_Your objective_:
Pictures in the data below are not part of the copy; transcribe everything else exactly.

====== Supplied material ======

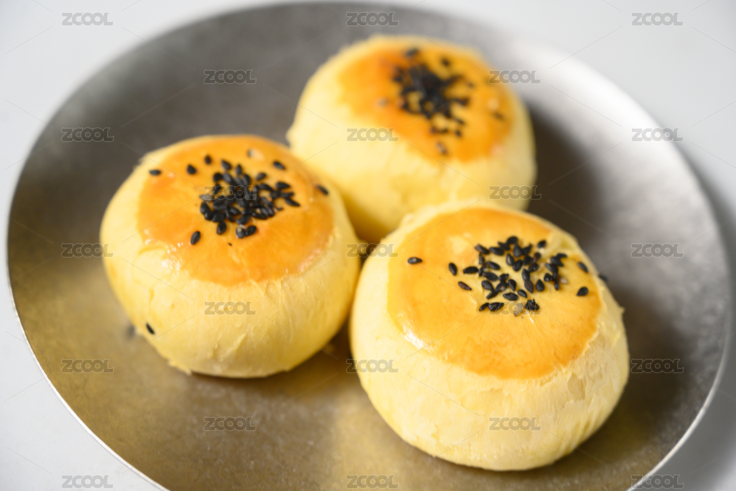 圆圆的黄色酥饼在黄金的多个蛋黄流心酥中间
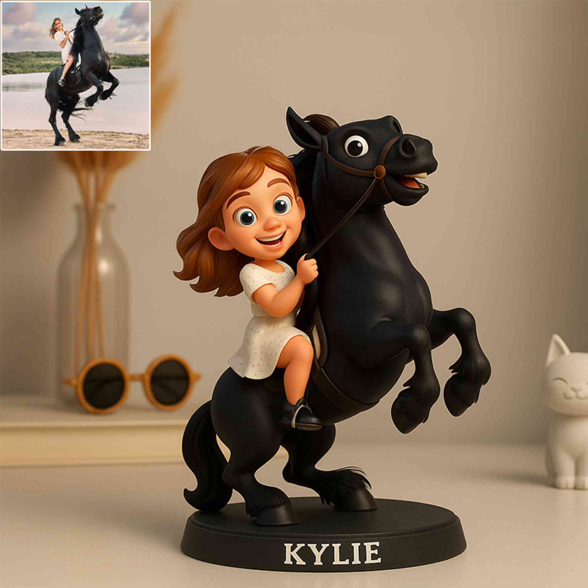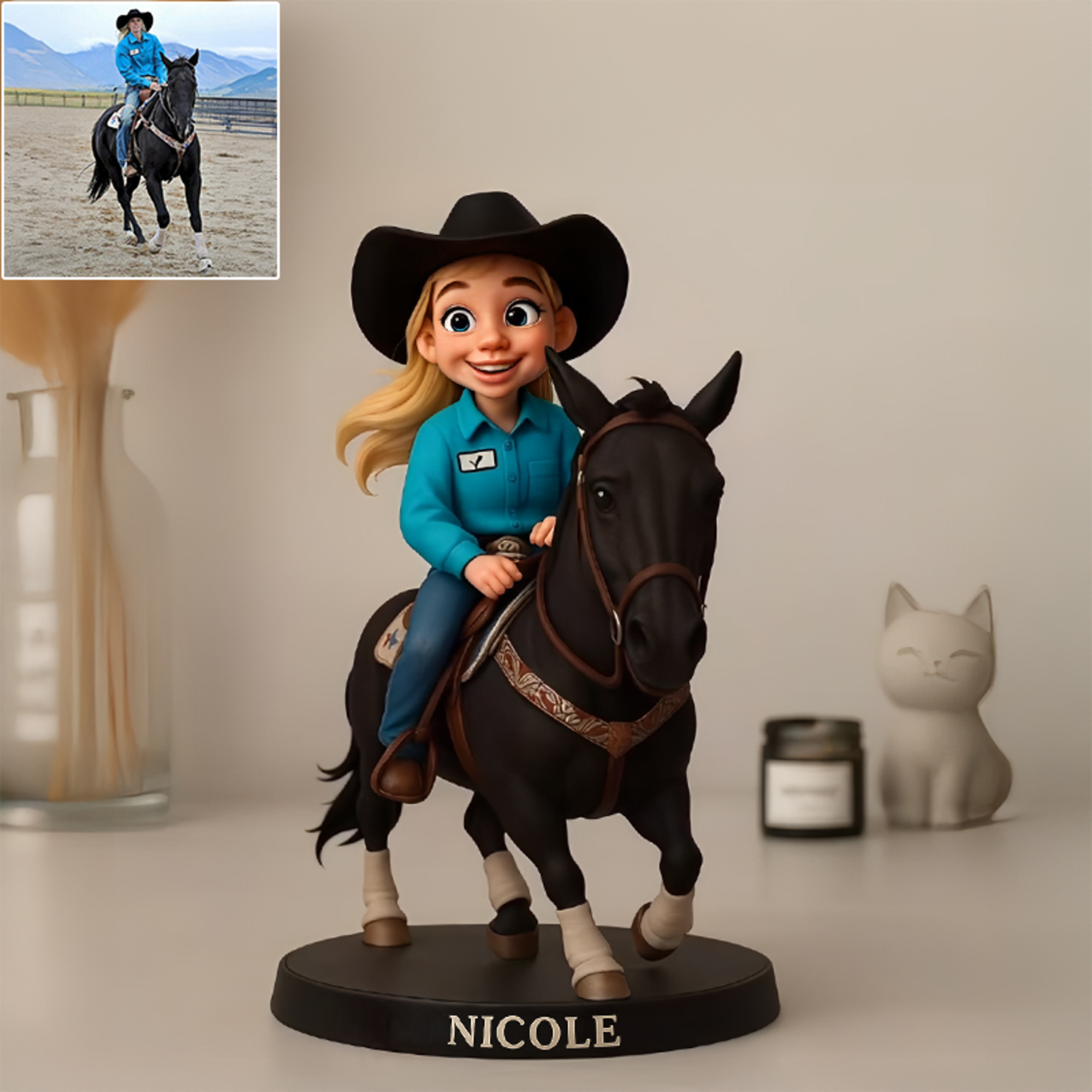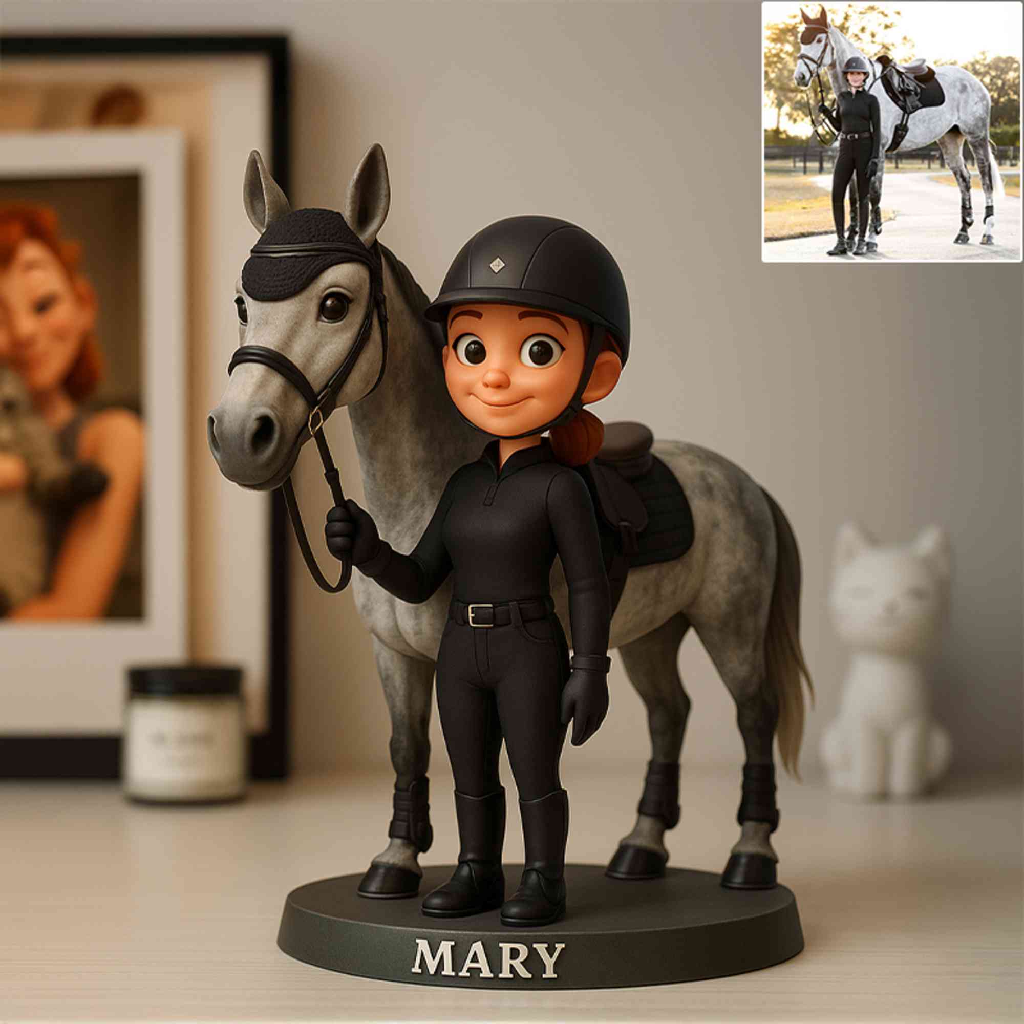Custom 3D Cartoon Style Horse Photo Desk Decor with Name, Realistic Acrylic Portrait for Office & Home Decor, Christmas Gift for Horse Lovers/Riders
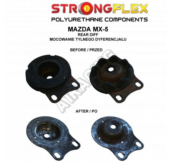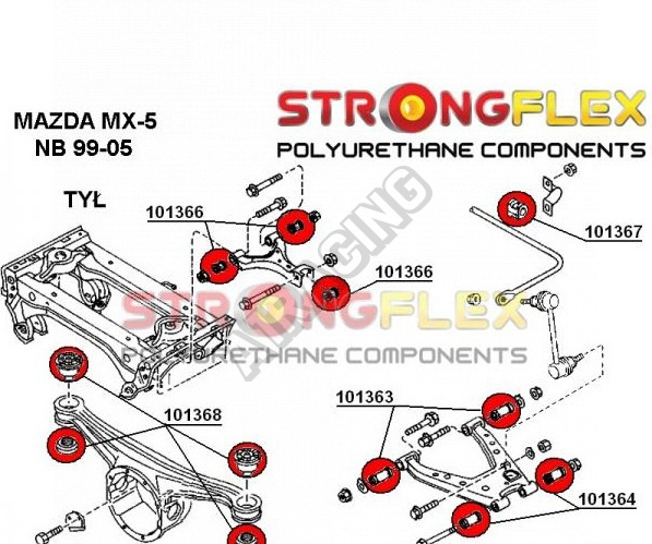 Mazda MX5 1999-05 StrongFlex (tvrdost 80ShA) kompletní sestava silentbloků na celé auto obsahuje :

======

_Output below_:
 圆圆的黄色酥饼在黄金的多个蛋黄流心酥中间
Custom 3D Cartoon Style Horse Photo Desk Decor with Name, Realistic Acrylic Portrait for Office & Home Decor, Christmas Gift for Horse Lovers/Riders
 Mazda MX5 1999-05 StrongFlex (tvrdost 80ShA) kompletní sestava silentbloků na celé auto obsahuje :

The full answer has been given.